In today’s struggle for democratization in the Union of Burma, apparently, there are two politically contested views among the pro-democratic forces: to topple the regime from power should be our sole movement focus advocated by one side and, as opposed to this view, the other side of view is those strongly believing in the need to simultaneously prepare for the post-military regime change era while struggling to remove the military dictatorship from power.
Between the two, those proponents of zeroing the movement in on toppling the regime should be the movement priority and the talk about issues like rebuilding the Union should be the next step argue that all human, intellectual, and financial resources should only be geared towards the programs leading to overthrow the regime from power. Their reasoning explains that overthrowing the military junta from illegal power is first and the talk about federalism and preparation for programs like state constitution and federal arrangement etc. should be addressed after the fall of the military junta.
On the other hand, visionary leaders and advocates of taking further steps by working out a blueprint how the country should be restructured at the same time while attempting to overthrow the military junta from power strongly propose the essentiality of preparing ourselves and getting well-organized for the post-regime change era with view to avoid chaotic situations and various tensions. They believe that removing the military regime from power is the only first step in our pro-democracy movement and not enough in itself. In line with their political beliefs, visionary leaders have taken systematic initiatives by means of spearheading and promoting their political agendas such as processing the state constitutions drafting innitiatives, raising awareness about what federalism means for a multi-ethnic country like Burma, and implementing various capacity building projects in anticipation of the post-military regime change era.
As briefly laid out above, the main argument between both sides lies in the question of whether or not the movement indeed should be made narrowly focused on removing SPDC from power? Even though there is an ideological split between these two sides on the question of making the movement more efficient and effective, it is crystal clear without question that the first and foremost objective of both sides and the ongoing pro-democracy movement as a whole is to overthrow the military junta from power. It is common sense and understandable that toppling the regime from power should come first by all means. Unless the military regime is removed from power, it is clear that the drafting of state constitution and different programs that are designated to be practically implemented in the post-regime era cannot be employed anywhere else.
However, what the movement as a whole need to foresee is that the fall of this dictatorial regime from power will surely occur one day in the future. The only question is WHEN that change – collapse of regime – would take place? This question of WHEN is a key here to think about. This is the very reason and notion challenging and motivating visionary leaders of the day to step up the need to take political initiatives with broad view to lead the post-regime era Union of Burma into prosperous and peaceful one. Therefore, at this stage of our struggle, the rationale advocating that the movement should narrowly focus on overthrowing the regime from power without necessarily considering the challenges ahead that would inevitably confront the future Union of Burma is NOT adeguate move.
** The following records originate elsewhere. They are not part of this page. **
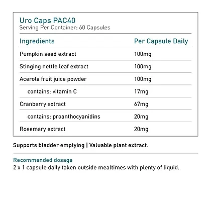 Biogena Uro Caps PAC40 is a premium dietary supplement available in the form of 60 capsules. It features a unique blend of natural ingredients, including PAC (proanthocyanidins), designed to support urinary tract health and promote overall well-being. This powerful formula is specially formulated to provide comprehensive support for the urinary system.
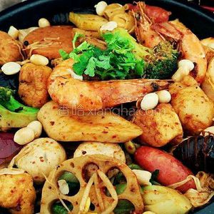 起锅烧油,倒入葱姜蒜炒香,再倒入辣椒。花椒,八角,桂皮,香叶,翻炒出香味。倒入豆瓣酱炒出红油,加入火锅底料炒出香味。倒入全部菜翻炒,放白糖,鸡精。调味闷煮两分钟!
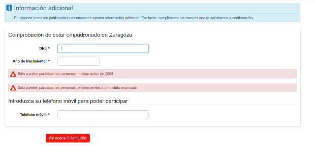 - Paso 2 - Para poder verificar tu cuenta de participación necesitamos comprobar que está empadronado/a en Zaragoza y que tiene más de 14 años: tiene que aportar su nº de DNI, NIE o pasaporte y su año de nacimiento. Durante este paso se comprueba contra las bases de datos del padrón municipal que la información introducida pertenece a un ciudadano o ciudadana mayor de 14 años, que está empadronado/a en la ciudad al día 7 de junio de 2018, fecha de inicio de la presentación del proceso “Presupuestos Participativos”.
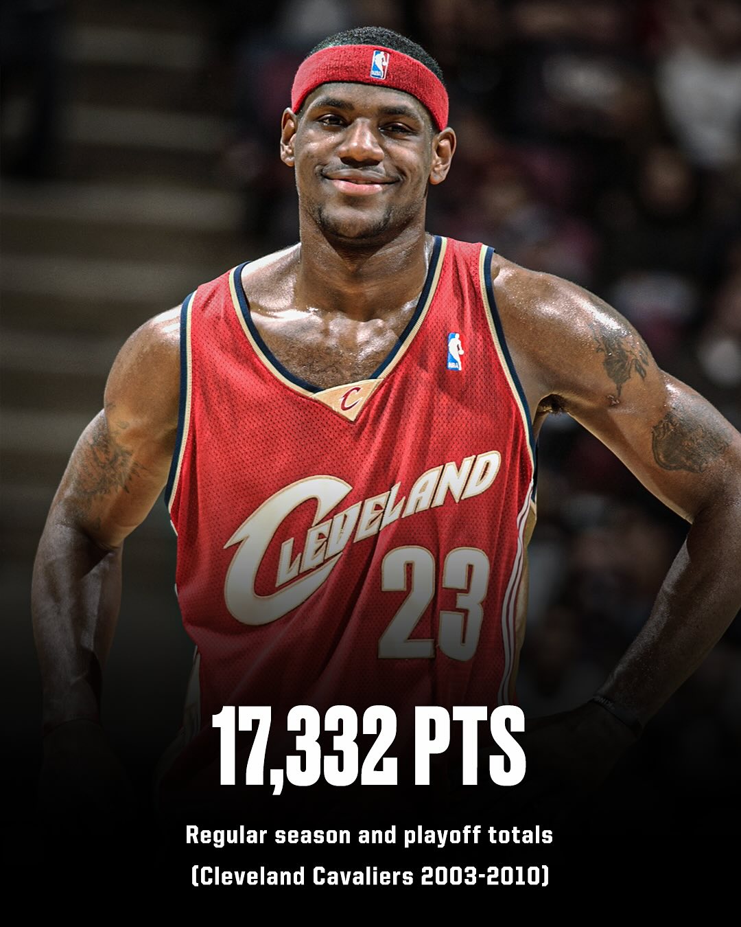 49999已断档领先!詹姆斯职业生涯四队总得分分布 热火时期最少
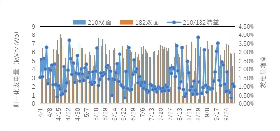 圖4 210/182雙面發(fā)電量增益對比
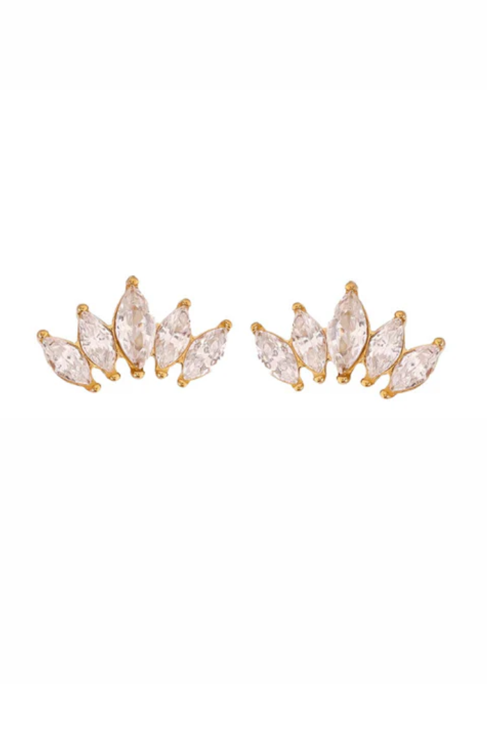 Elevate your everyday elegance with these 18k gold-plated Crystal Studs. Each earring features a radiant, crown-inspired cluster of five marquise-cut stones, carefully set to catch the light from every angle. Sleek and sophisticated, these studs bring a modern sparkle that transitions effortlessly from day to night, making them perfect for both special occasions and refined daily wear.
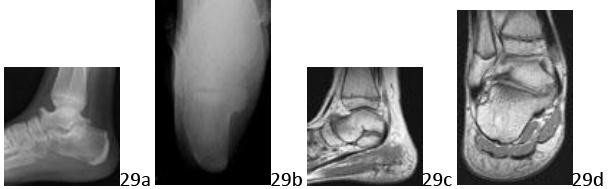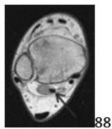 DISCUSSION: The patient has a symptomatic chronic Achilles tendon avulsion (sleeve) rupture. The radiographs show movement of the calcified/ossified tendon away from the insertion and the MRI scan reveals a chronic avulsion of the Achilles tendon from the insertion site. The heterotopic ossification shown is of the distal Achilles tendon. The rupture shown is at the insertion site and not midsubstance or at the musculotendinous junction. The studies are not consistent with the uric acid deposition of gout. The Preferred Response to Question # 89 is 4.
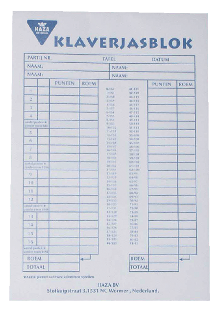 * Klaverjassen scoreblok met 50 vellen. * Formaat: 14,8 x 21cm.
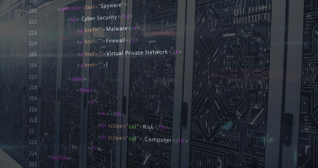 Cybersecurity in Modern Data Center with Server Cabinets and HTML Code Image
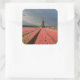 Windmill with pink tulips in spring square sticker
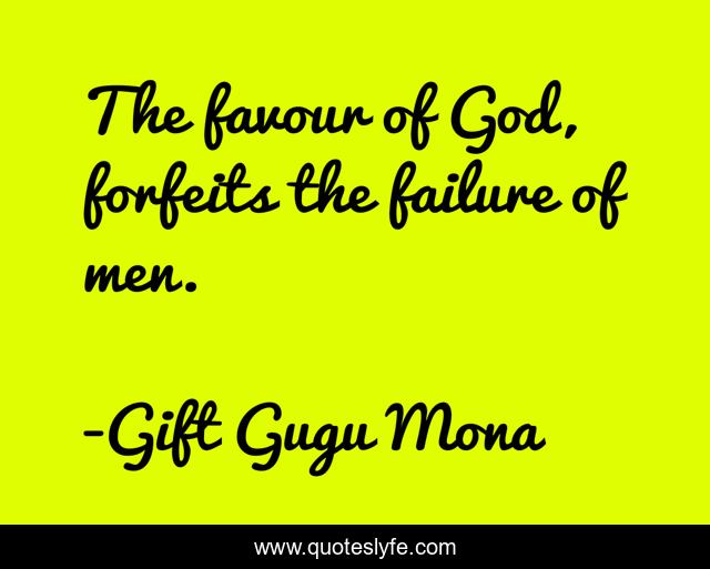 This page presents the quote "The favour of God, forfeits the failure of men.". Author of this quote is Gift Gugu Mona. This quote is about failure, men, forfeits, favour,.

The questions needed to be considered are these: If the military regime falls from power in the near future, what would the Union of Burma face? What kind of Union and political system we want to have? Do we want a classical federal system or con-federal form of Union or unitary system? These are the questions leaders of the day both outside and inside Burma should keep in mind before the actual change takes place. As a matter of fact, if the regime hands over power to the civilian government, which will happen one day for sure, the post-regime change leaders would be faced with the question of what and how to lead the collectively owned Union of Burma. Therefore, it is a must based on the past experiences and the historical task demanding the visionary leaders of our movement today to prepare for the post-military regime era of the future Union of Burma by means of courageously, rationally and openly tackling and addressing the historical impasses and political roadblocks confronting the ongoing movement without waiting for the future democratic leaders to tackle it.
It is foreseeable that the sole focus to topple regime from power without preparation for the post-regime change era can be a dangerous move, which could lead the Union of Burma into deplorable situations. In order to astutely avoid such deplorable tensions that would challenge the post-military regime era of Burma, it is essential for all leaders of the movement to unconditionally accept and support the concept encouraging leaders of the ongoing movement to take further steps by working out the blueprints and political roadmap sketching how the Union be restructured.
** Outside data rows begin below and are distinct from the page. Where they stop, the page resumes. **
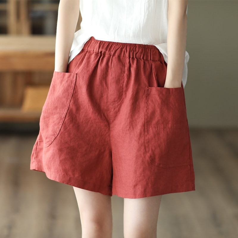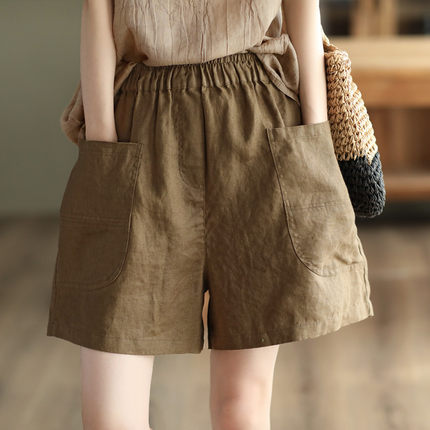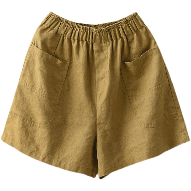 2025夏季新款复古高支亚麻裤女松紧腰阔腿短裤显瘦休闲裤直筒裤夏
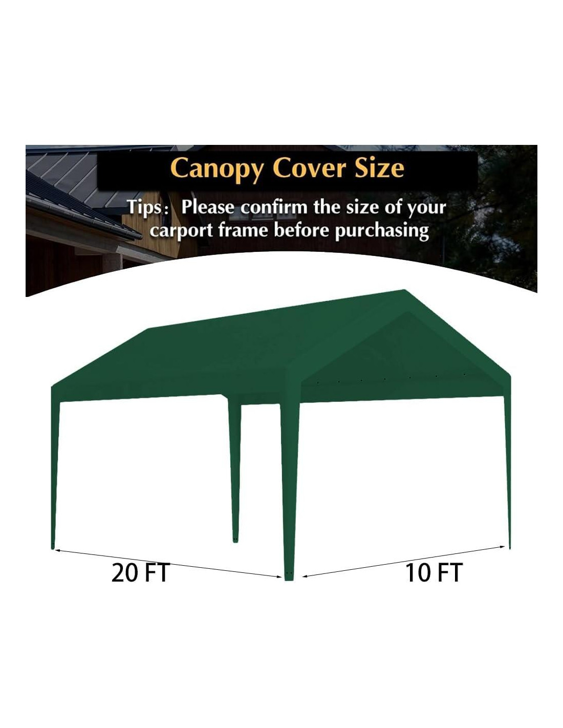 - Tamaño de la Carpa de Carport 10'x20' Carpa para automóvil con borde y mismas faldas de poste de pierna de tela, esta cubierta de carport de reemplazo resistente está hecha para ajustarse a marcos de 10'x20'. Recomendamos medir el marco antes de comprar.
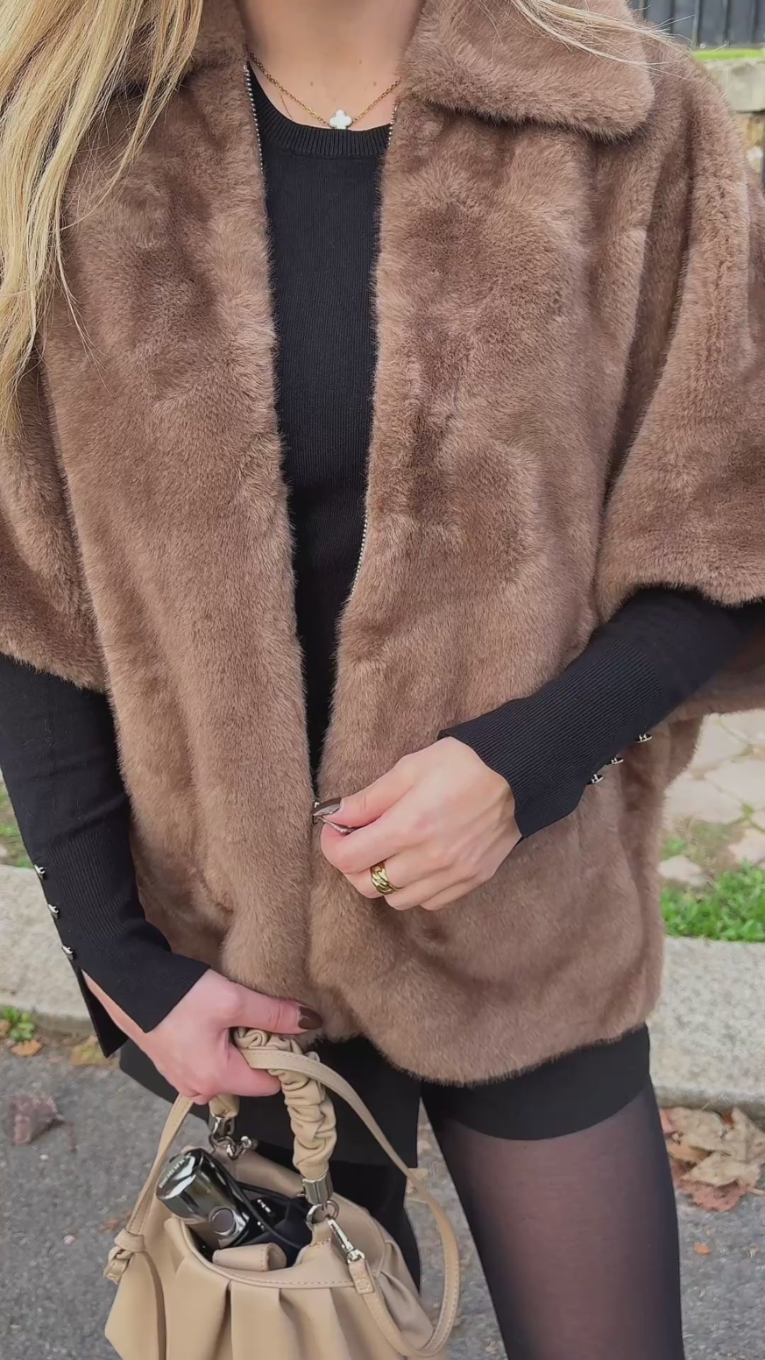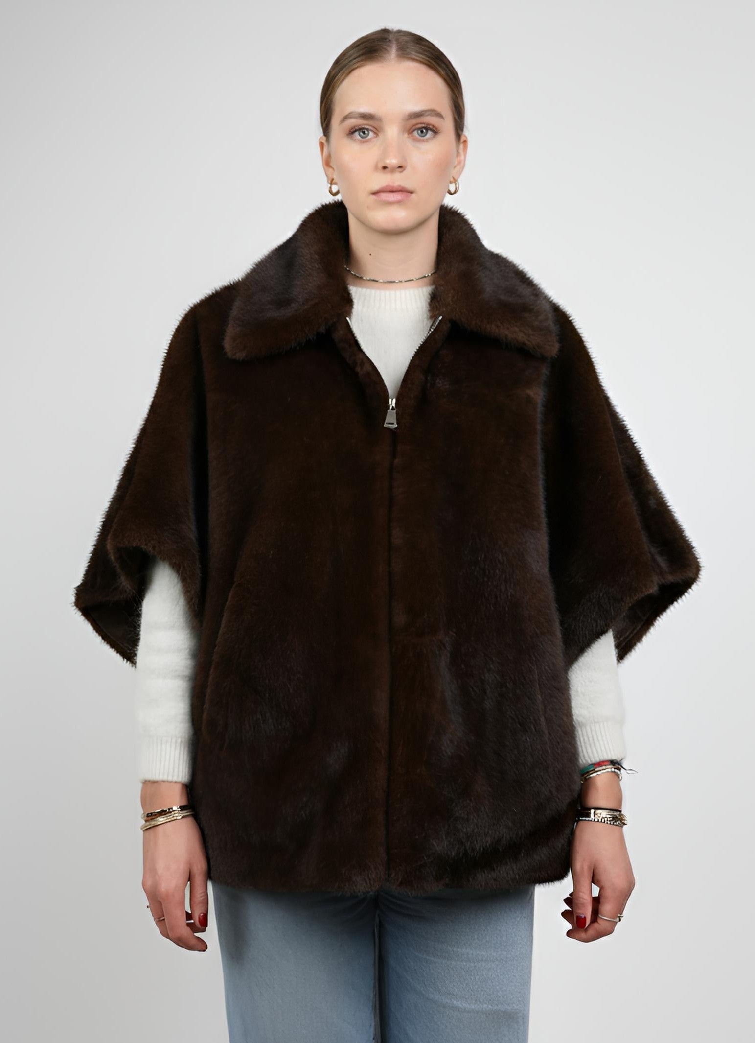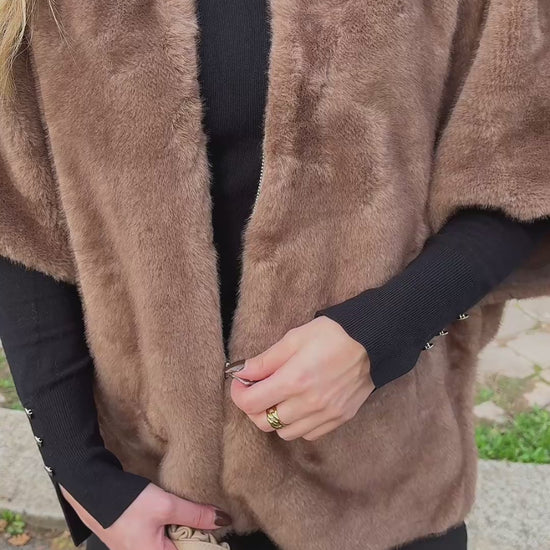 Esta capa de piel sintética destaca por su sutil efecto bicolor y su cierre de cremallera, que le confiere un aspecto moderno. El interior de ante sintético ofrece una sensación suave y cómoda. El ribete de piel le da un toque de lujo a esta prenda imprescindible. Fácil de llevar, es ideal para cualquier ocasión.

Understanding the movement challenges and with the intension of saving the Union from undergoing through such destructive conflicts associating with the collapse of the military regime, it is very impressive to witness the fact that the dominant forces of pro-democracy movement embrace the notion supporting the need to prepare for the post-military regime era. In line with the guiding principles in rebuilding the federal Union of Burma under democracy, visionary leaders and policy makers in the political fronts such as the United Nationalities League for Democracy (UNLD), National Democratic Front (NDF), National Coalition Government of Union of Burma (NCGUB), National Council of Union of Burma (NCUB), leading individuals, and other fronts put considerable amount of efforts in drafting the State Constitution and capacity building projects in anticipation of having a smooth transition and rebuilding a genuine federal Union of Burma. This historic move is timely, relevant, and noble step that the entire pro-democracy forces need to strongly endorse.
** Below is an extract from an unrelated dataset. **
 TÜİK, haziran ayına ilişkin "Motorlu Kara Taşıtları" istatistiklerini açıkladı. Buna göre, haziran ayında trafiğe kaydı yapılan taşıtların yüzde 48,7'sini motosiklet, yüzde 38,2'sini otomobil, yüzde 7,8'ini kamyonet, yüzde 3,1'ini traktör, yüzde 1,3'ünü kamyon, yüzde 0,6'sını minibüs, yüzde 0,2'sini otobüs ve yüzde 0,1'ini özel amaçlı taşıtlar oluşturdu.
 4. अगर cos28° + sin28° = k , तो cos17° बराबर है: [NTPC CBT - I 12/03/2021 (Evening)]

Notably, the call for a genuine federal form of Union under democracy has been widely supported by all forces of the ongoing movement for democratization in Burma except group of dictators and like-minded individuals who still refused to recognize the national equality of all constituent member states of the Union of Burma. Let us be assured once again here. For a multi-ethnic country like the Union of Burma, made up of diverse national races, where a political identity based on a collectively shared sense of nationalism and seperate land ownership like Karen nationalism, Kachin nationalism, Chin nationalism, Burman nationalism, Rakhine nationalism, Karenni nationalism, Mon nationalism, and Shan nationalism shape the politcal landscape of Burma so strongly, the classical federal form of Union is the only best system which would best accommodate diverse national interests and competing issues in the Union. Therefore, in order for the Union of Burma to be stable, united, and developed, all the constituent member states of the Union should unequivocally support the timely call made by visionary leaders of the day which is to rebuild a genuine federal Union of Burma.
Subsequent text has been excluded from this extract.